You are a security officer writing a concise security report.
Time range: {time_range}
Input format: Each event is a JSON object with:
- "title", "scene", "confidence", "potential_threat_level" (0-2), "other_concerns", "camera", "time", "start_time", "end_time"
- "context": array of related events from other cameras that occurred during overlapping time periods
**Note: Use the "scene" field for event descriptions in the report. Ignore any "shortSummary" field if present.**
Report Structure - Use this EXACT format:
# Security Summary - {time_range}
## Overview
[Write 1-2 sentences summarizing the overall activity pattern during this period.]
---
## Timeline
[Group events by time periods (e.g., "Morning (6:00 AM - 12:00 PM)", "Afternoon (12:00 PM - 5:00 PM)", "Evening (5:00 PM - 9:00 PM)", "Night (9:00 PM - 6:00 AM)"). Use appropriate time blocks based on when events occurred.]
### [Time Block Name]
**HH:MM AM/PM** | [Camera Name] | [Threat Level Indicator]
- [Event title]: [Clear description incorporating contextual information from the "context" array]
- Context: [If context array has items, mention them here, e.g., "Delivery truck present on Front Driveway Cam (HH:MM AM/PM)"]
- Assessment: [Brief assessment incorporating context - if context explains the event, note it here]

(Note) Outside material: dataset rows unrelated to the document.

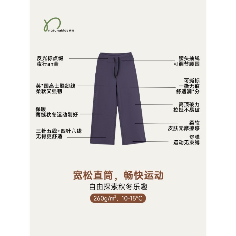 纳桔亲子儿童瑜伽裤 秋冬女童舞蹈高弹加绒亲肤保暖运动宽松直筒裤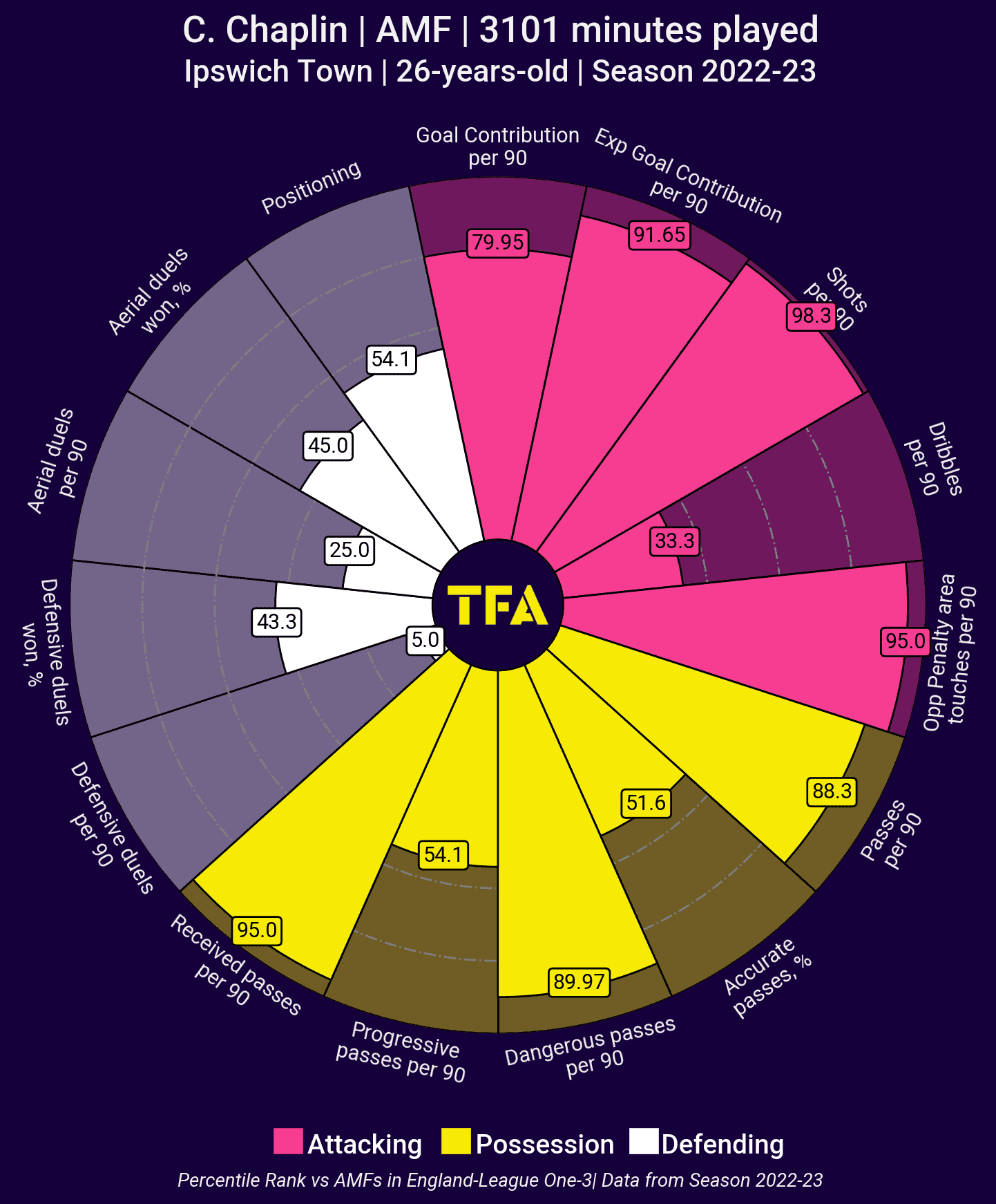 There have been a number of players who have played an equally important part for them this season, but one player who has stood out is attacking midfielder Conor Chaplin. The below visualisation shows where the 26-year-old midfielder ranks for some of the key metrics when compared with players who play in a similar position in League One.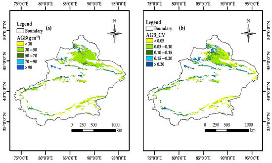 Spatial distribution of AGB and coefficient of variation of desert grassland in Xinjiang from 2000 to 2019. (a) Spatial distribution of AGB; (b) coefficient of variation of AGB.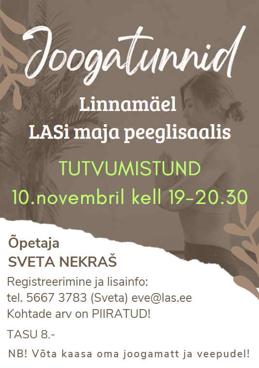 Sel aastal toimuvad joogatunnid veel viis korda: 17.11, 24.11, 1.12, 8.12, 15.12.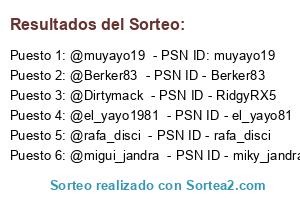 Lista de participantes: @MartinR15 - PSN ID - MartinR15, @Berker83 - PSN ID - Berker83, @rally2050 - PSN ID - rally2050, @migui_jandra - PSN ID - miky_jandra, @rafa_disci - PSN ID - rafa_disci, @centrifuga18 - PSN ID - centrifuga18, @Bloody Pleasure - PSN ID - Adri, @Pas_03 PSN ID - Pas_03, @el_yayo1981 - PSN ID - el_yayo81, @Dirtymack - PSN ID - RidgyRX5, @muyayo19 - PSN ID: muyayo19.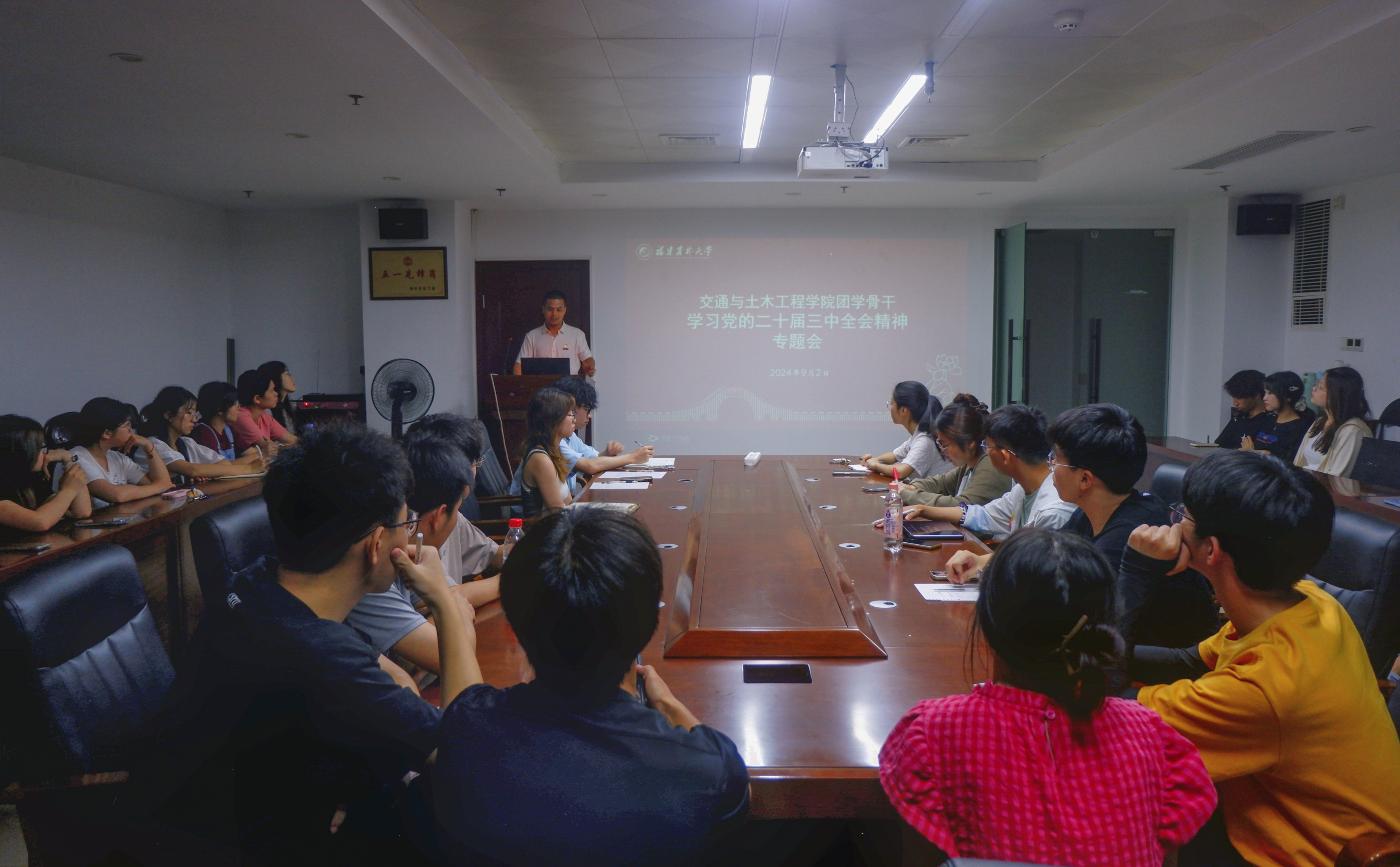 9月3日晚,交通与土木工程学院团委在旗综501召开新学期团学工作会议暨团学骨干学习党的二十届三中全会精神专题会。学院全体团学骨干参加会议,会议由院团委书记叶善斌主持。

[Repeat for each event in chronological order within the time block]
---
## Summary
[One sentence summarizing the period. If all events are normal/explained: "Routine activity observed." If review needed: "Some activity requires review but no security concerns." If security concerns: "Security concerns requiring immediate attention."]
Guidelines:
- List ALL events in chronological order, grouped by time blocks
- Threat level indicators: Normal, Needs review, 🔴 Security concern
- Integrate contextual information naturally - use the "context" array to enrich each event's description
- If context explains the event (e.g., delivery truck explains person at door), describe it accordingly (e.g., "delivery person" not "unidentified person")
- Be concise but informative - focus on what happened and what it means
- If contextual information makes an event clearly normal, reflect that in your assessment
- Only create time blocks that have events - don't create empty sections
"""
timeline_summary_prompt += "\n\nEvents:\n"
for event in events:
timeline_summary_prompt += f"\n{event}\n"
if preferred_language:
timeline_summary_prompt += f"\nProvide your answer in {preferred_language}"
if debug_save:
with open(
os.path.join(
CLIPS_DIR, "genai-requests", f"{start_ts}-{end_ts}", "prompt.txt"
),
"w",
) as f:
f.write(timeline_summary_prompt)
response = self._send(timeline_summary_prompt, [])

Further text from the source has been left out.